You know where I am, I probably don't

Banana Box

29/12/2017 at 09:40 by brad

I suppose this is the “proper” end of phase one. I’ve paid to ship the banana to Kuala Lumpur.

Stage one: Wash it. It was dirtier than the hard drive you keep in the back of the secret drawer. The one your girlfriend pretends to not know about, but inspires warm feelings in her for Dave at the office.

After this you get an escort to the cargo terminal of Kathmandu airport, where you need to crate it. The crate is made to the size of your bike by the exporter, in as close a fit as possible. This is because air shipments don’t really work on weight, they work on something called volumetric weight.

What this means, is that air freight parcels for a given size have a standard density applied to them, so for the size of my crate, the standardised weight was 391 KG, even though the actual weight of the bike and luggage was 325 KG. Annoying, because the banana is a tall, moderately wide, yet lightweight trails bike.
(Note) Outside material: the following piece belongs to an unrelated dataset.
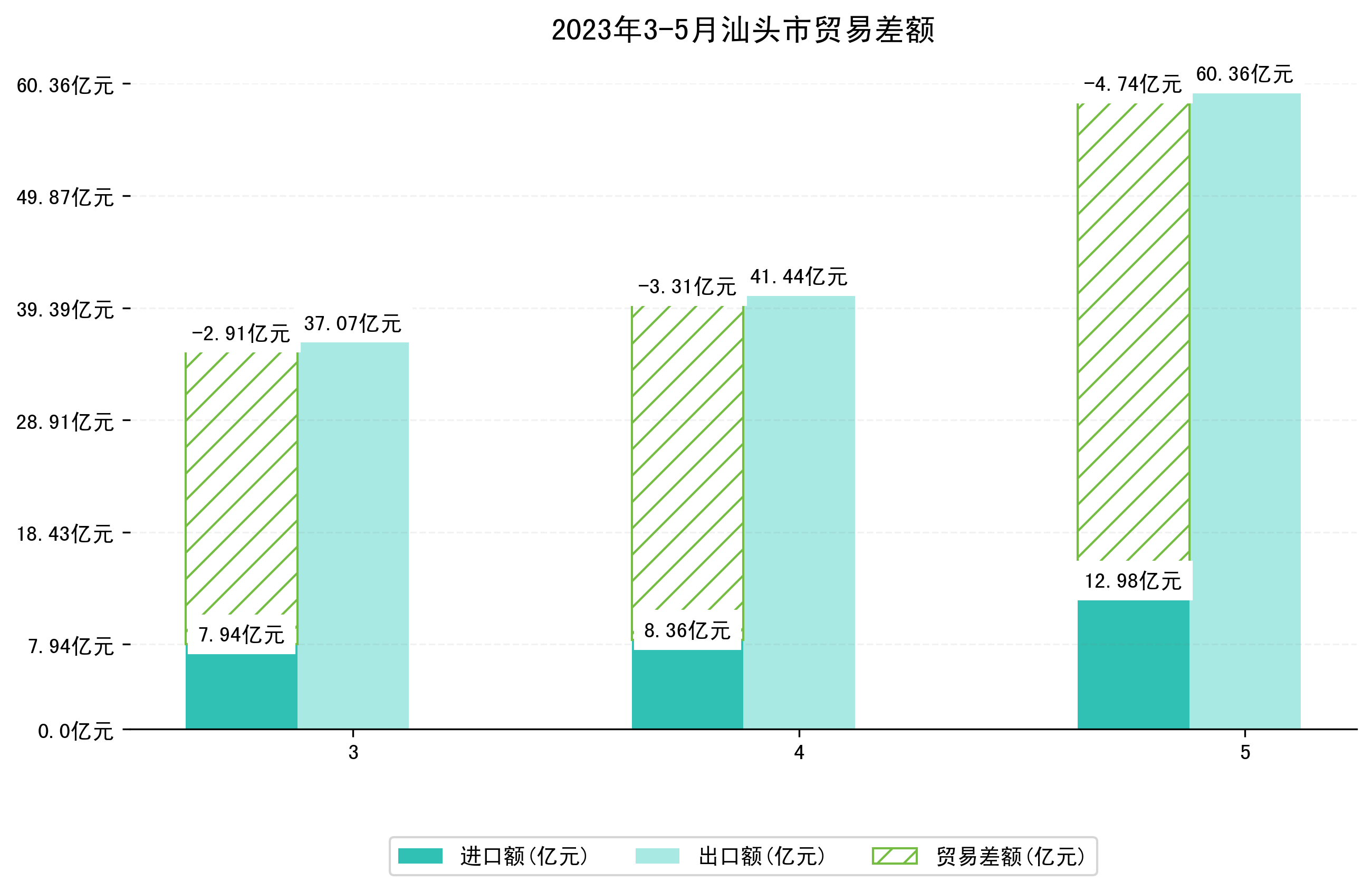 2023年5月汕头市进出口总额及进出口差额统计分析

Oh well.

Getting it into the crate requires a bit of disassembly. In my case this meant:

  • Removing the front wheel and fender
  • Unbolting the handlebar and taping it to the tank
  • Draining all but about half a litre of petrol
  • Deflating the tyres about halfway
  • Disconnecting the battery and taping over the connector
  • Removing the windscreen

Then you go mental with a hammer and nails, wait half an hour for an agent to come back with your stamped carnet and you’re done.

Then you go to the pub and start freaking out about everything that can break in transit. Then four beers in you stop giving a shit.